Hydrolysis of 4. Compound 4 (15 mg) was dissolved in ethanol (5 mL); dilute HCl (2 mL) was added, and the reaction mixture was heated for one hour on a steam bath. The reaction mixture was dried under reduced pressure, and the residue was dissolved in chloroform to separate buteagibrenol. The remaining residue was mixed with water (2 mL) and chromatographed over TLC using n-butanol–acetic acid– water (4:1:5, top layer) as developing solvent mixture; R _f 0.12, co-TLC comparable with a standard sample of D-glucose.

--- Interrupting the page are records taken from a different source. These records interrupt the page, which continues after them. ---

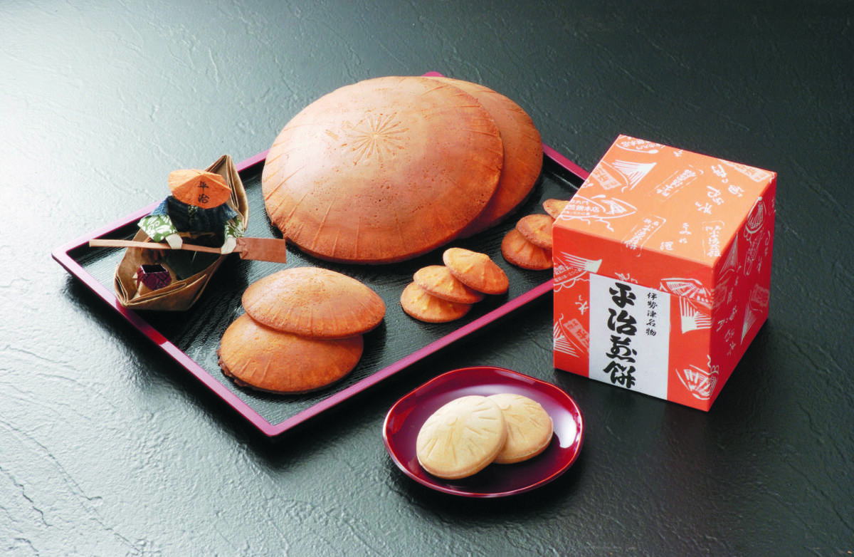 看板商品である「平治煎餅」は、直径約4cmの小さな笠の形をした卵煎餅です。その形状は、津市の阿漕浦に伝わる「孝子平治伝説」に由来しています。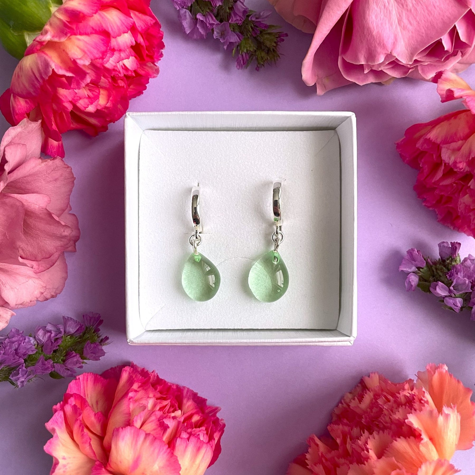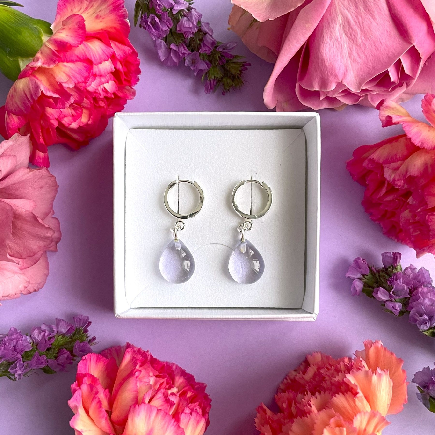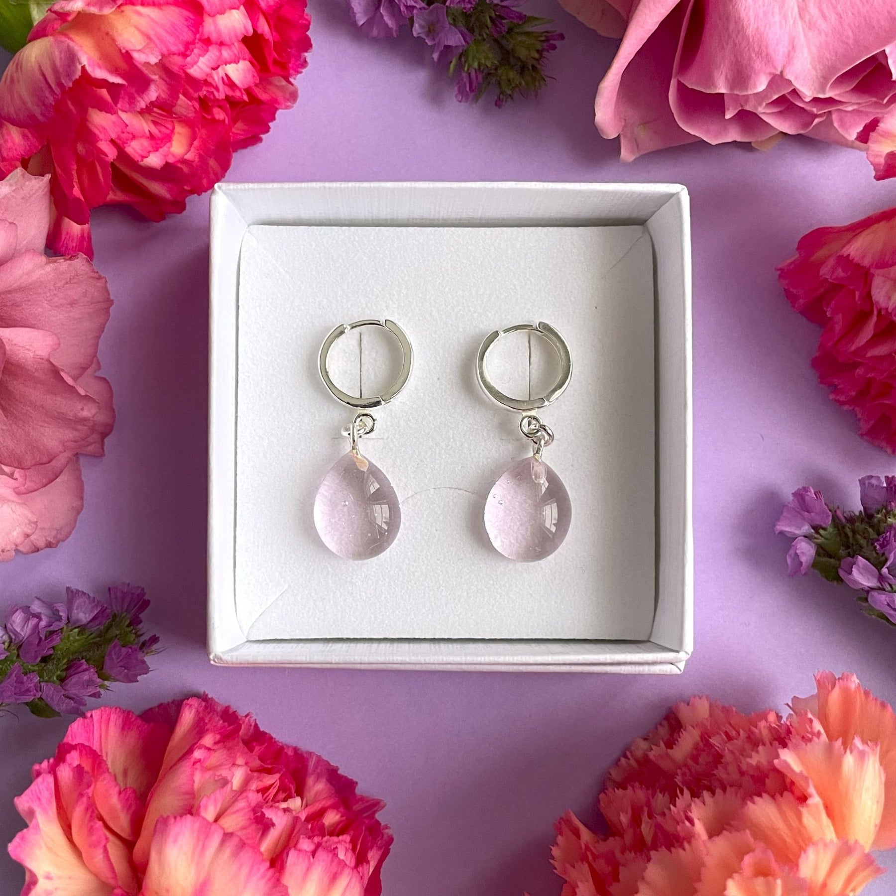 Lasi, korvakorujen metalliosat ovat nikkelitöntä 925 hopeaa.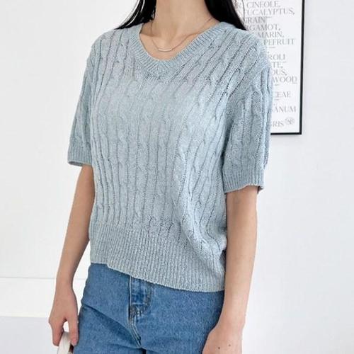 [옷자락] 여자 무지컬러 루즈핏 브이넥 케이블 반팔 니트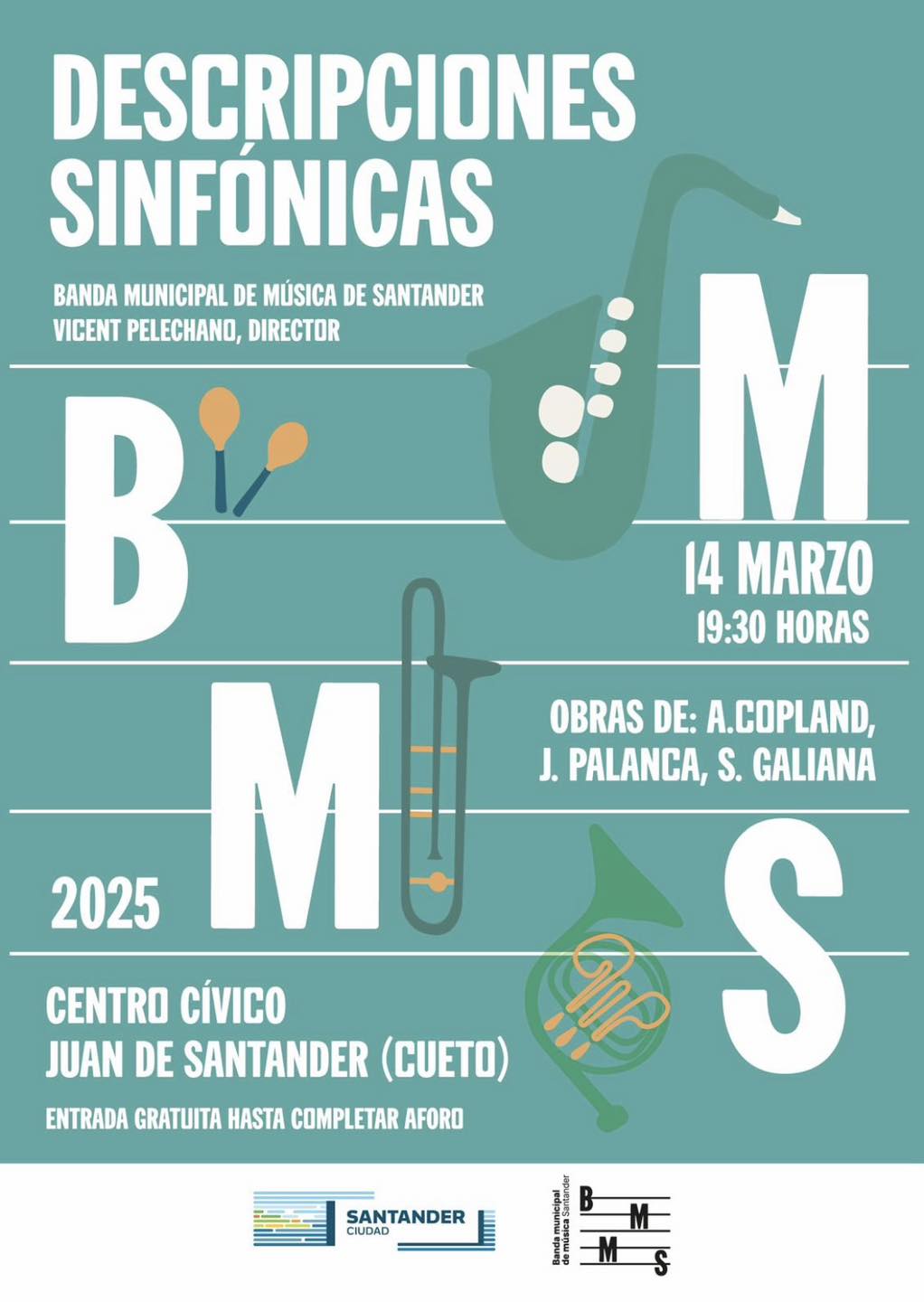 Bajo el título de “Descripciones sinfónicas”, la Banda Municipal de Música de Santander ofrece un concierto el viernes 14 de marzo a las 19:30h en el Centro Cívico Juan de Santander (Cueto).
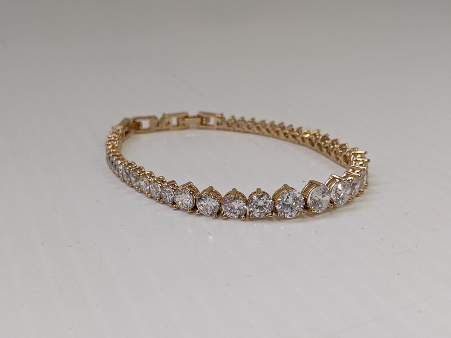 5435 Smartlife 18K Gold Plated 6.0 mm Graduated Round Cut Tennis Bracelet (Unused)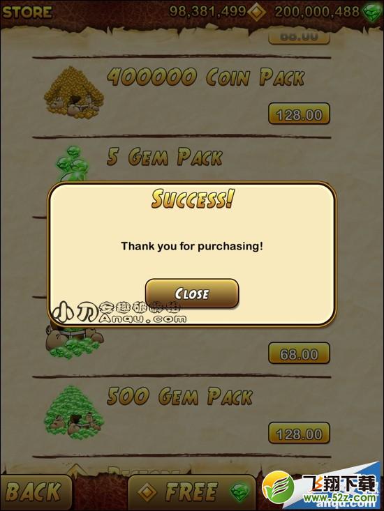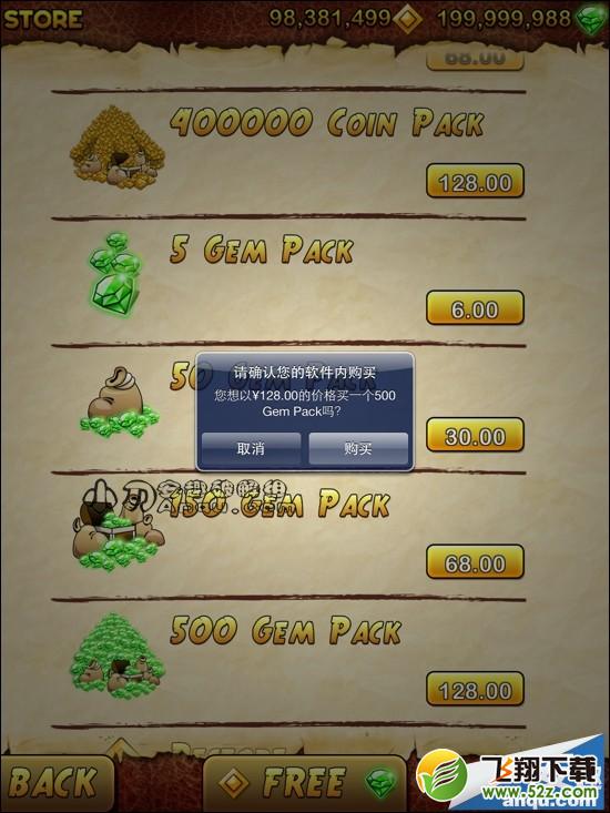 我們以神廟逃亡2這款游戲為例,進行內購,首先進入游戲的商店界面,如下圖,發現有很多使用人民幣購買鑽石的選項,我們直接選擇最貴的,也就是那個128元購買500綠寶石的,點擊購買: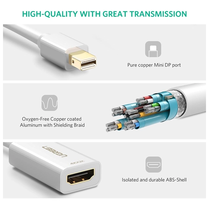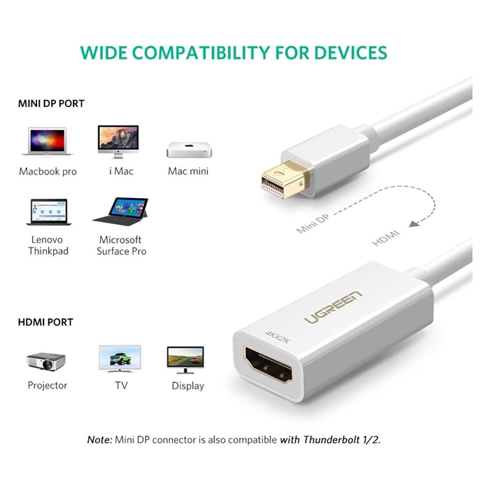 Ugreen 4K Mini DisplayPort - HDMI Converter Adapter You can connect laptops, computers to monitors, displays, HDTVs or projectors with HDMI port, which are ideal for games, home theater and presentation. Supports high resolution up to 3840 x 2160 at a refresh rate of 30 Hz with 4K support. The videos are brighter, sharper and offer you better viewing possibilities

n-Dotriacontanoic Acid (5). Elution of the column with chloroform–methanol (17:3) mixture gave colorless crystals of 5, recrystallized from methanol, 90 mg, (0.0034% yield), R _f 0.9 (chloroform–methanol) (3:1); mp 212–214°C; IR (KBr, v_max, cm^–1): 3410, 2920, 2855, 1705, 1470, 1210, 946, 718; ¹H NMR (DMSO-d₆, 8, ppm, J/Hz): 10.21 (1H, br.s, COOH), 2.50 (2H, br.s, H₂-2), 1.49 (2H, br.s, CH₂) 1.23 (56H, br.s, 28 x CH₂), 0.86 (3H, t, J = 6.1, Me-32); positive ion FAB-MS m/z (rel. int., %): 480 [M]⁺ (C₃₂H₆₄O₂) (12.8).